B. Procedural History

In their complaint, the Plaintiffs have stated causes of action for strict liability and negligence against both defendants. (Doc. No. 1 ¶¶ 50-59.) Solely against Defendant Home Depot, Plaintiffs have included claims for breach of implied warranties of merchantability and fitness for a particular purpose, fraud, negligent misrepresentation, breach of implied consumer product warranties under 15 U.S.C. § 2301, and violation of the Pennsylvania Unfair Trade Practices and Consumer Protection Law. 73 P.S. § 201 et seq. (Id. at ¶¶ 59-91.) While Plaintiffs' complaint initially asserted both personal injury and property damage claims, the personal injury claims have been withdrawn. (Doc. Nos. 65, 77; see also Doc. No. 64-8.)

On December 10, 2008, the Court issued a memorandum and order adjudicating the parties' Daubert motions. (Doc. No. 160.) The Court will rely on expert reports and affidavits in the record to the extent they were found admissible.

C. Standard of Review

The Defendants have separately moved for Summary Judgment pursuant to Rule 56(c) of the Federal Rules of Civil Procedure, which provides that "[t]he judgment sought should be rendered if the pleadings, the discovery and disclosure materials on file, and any affidavits show that there is no genuine issue as to any material fact and that the movant is entitled to judgment as a matter of law." Fed. R. Civ. P. 56(c). The substantive law identifies which facts are material, and "[o]nly disputes over facts that might affect the outcome of the suit under the governing law will properly preclude the entry of summary judgment." Anderson v. Liberty Lobby, Inc., 477 U.S. 242, 248 (1986). A dispute about a material fact is genuine only if there is a sufficient evidentiary basis that would allow a reasonable fact finder to return a verdict for the non-moving party. Id. at 248-49.

The moving party has the initial burden of identifying evidence that it believes shows an absence of a genuine issue of material fact. Conoshenti v. Pub. Serv. Elec. & Gas Co., 364 F.3d 135, 145-46 (3d Cir. 2004).
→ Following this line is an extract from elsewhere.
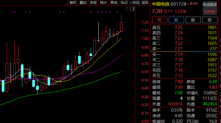 早间,电信运营股放量走强,板块指数高开高走一度涨逾2%,仅约1个小时成交就超过昨日全天成交。板块内所有个股飘红,中国电信最高摸至7.3元,距历史最高点7.32元仅差2分钱;中国移动股价距历史最高点也仅差1.78%;中国联通则创阶段性新高。

Once the moving party has shown that there is an absence of evidence to support the nonmoving party's claims, "the non-moving party must rebut the motion with facts in the record and cannot rest solely on assertions made in the pleadings, legal memoranda, or oral argument." Berckeley Inv. Group. Ltd. v. Colkitt, 455 F.3d 195, 201 (3d Cir. 2006); accord Celotex Corp. v. Catrett, 477 U.S. 317, 324 (1986). If the nonmoving party "fails to make a showing sufficient to establish the existence of an element essential to that party's case, and on which that party will bear the burden at trial," summary judgment is appropriate. Celotex, 477 U.S. at 322. Summary judgment is also appropriate if the non-moving party provides merely colorable, conclusory, or speculative evidence. Anderson, 477 U.S. at 249. There must be more than a scintilla of evidence supporting the nonmoving party and more than some metaphysical doubt as to the material facts. Id. at 252; see also, Matsushita Elec. Indus. Co. v. Zenith Radio Corp., 475 U.S. 574, 586 (1986). In making this determination, the Court must "consider all evidence in the light most favorable to the party opposing the motion." A.W. v. Jersey City Pub. Schs., 486 F.3d 791, 794 (3d Cir. 2007).

II. LIABILITY

Pennsylvania strict products liability law allows recovery where a product in a defective condition, unreasonably dangerous to the user or consumer, causes harm to the plaintiff. Phillips v. A-Best Products Co., 665 A.2d 1167, 1170 (Pa. 1995). There are three kinds of defective conditions that give rise to a strict liability claim: design defect, manufacturing defect, and defect by failure to provide adequate warnings for a product's safe use. Id. (citing Walton v. Avco Corp., 610 A.2d 454, 458 (Pa. 1992)). All three types of defect have been alleged in this case.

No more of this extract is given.